▶ **Data section**
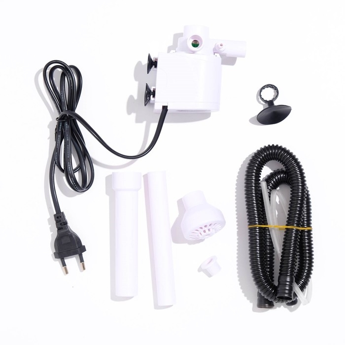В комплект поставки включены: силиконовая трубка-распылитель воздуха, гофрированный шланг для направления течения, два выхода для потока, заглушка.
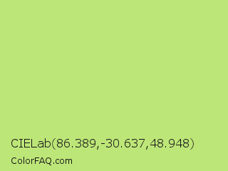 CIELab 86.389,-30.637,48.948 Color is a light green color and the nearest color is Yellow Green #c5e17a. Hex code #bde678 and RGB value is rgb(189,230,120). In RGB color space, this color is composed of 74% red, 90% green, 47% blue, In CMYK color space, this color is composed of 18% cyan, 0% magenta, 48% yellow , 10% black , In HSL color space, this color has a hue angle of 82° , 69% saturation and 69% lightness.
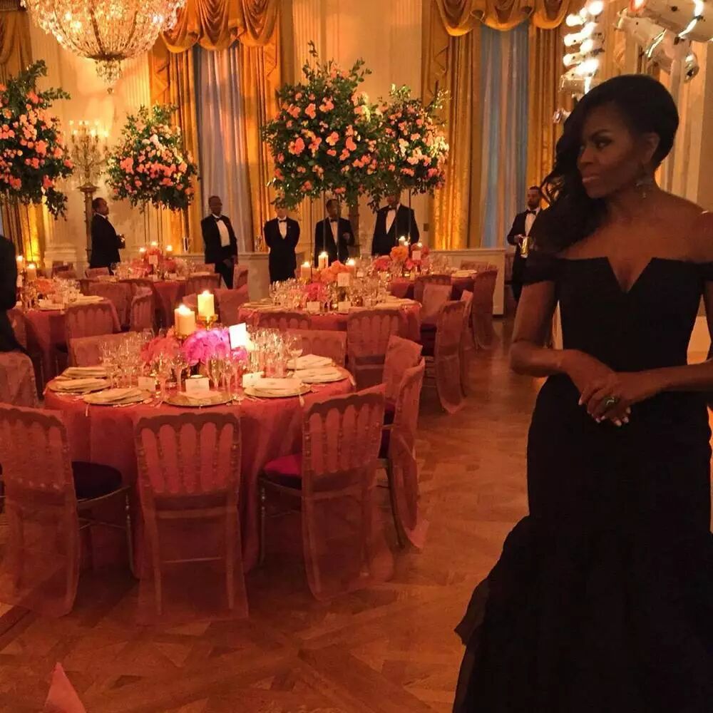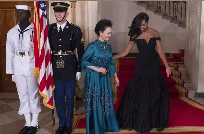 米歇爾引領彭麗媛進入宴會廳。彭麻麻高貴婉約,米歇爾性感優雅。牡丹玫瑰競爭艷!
* * *
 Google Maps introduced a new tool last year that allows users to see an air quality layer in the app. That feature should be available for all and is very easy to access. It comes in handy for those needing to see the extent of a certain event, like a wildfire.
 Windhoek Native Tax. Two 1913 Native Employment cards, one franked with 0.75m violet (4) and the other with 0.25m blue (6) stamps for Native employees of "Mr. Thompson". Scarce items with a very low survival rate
--
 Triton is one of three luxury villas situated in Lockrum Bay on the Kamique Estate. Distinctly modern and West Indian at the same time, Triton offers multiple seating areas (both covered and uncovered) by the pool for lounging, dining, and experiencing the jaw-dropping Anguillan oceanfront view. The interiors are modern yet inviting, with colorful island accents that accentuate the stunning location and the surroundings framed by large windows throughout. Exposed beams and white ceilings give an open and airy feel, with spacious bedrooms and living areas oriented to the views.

▶ **Task instructions**
Print everything from the line with "В комплект поставки" down to the line with "米歇爾引領彭麗媛進入宴會廳。彭麻麻高貴婉約,米歇爾性感優雅。牡丹玫瑰競爭艷!" in the entries above, both lines included and nothing more, without the pictures.

▶ **Exercise response**
В комплект поставки включены: силиконовая трубка-распылитель воздуха, гофрированный шланг для направления течения, два выхода для потока, заглушка.
 CIELab 86.389,-30.637,48.948 Color is a light green color and the nearest color is Yellow Green #c5e17a. Hex code #bde678 and RGB value is rgb(189,230,120). In RGB color space, this color is composed of 74% red, 90% green, 47% blue, In CMYK color space, this color is composed of 18% cyan, 0% magenta, 48% yellow , 10% black , In HSL color space, this color has a hue angle of 82° , 69% saturation and 69% lightness.
 米歇爾引領彭麗媛進入宴會廳。彭麻麻高貴婉約,米歇爾性感優雅。牡丹玫瑰競爭艷!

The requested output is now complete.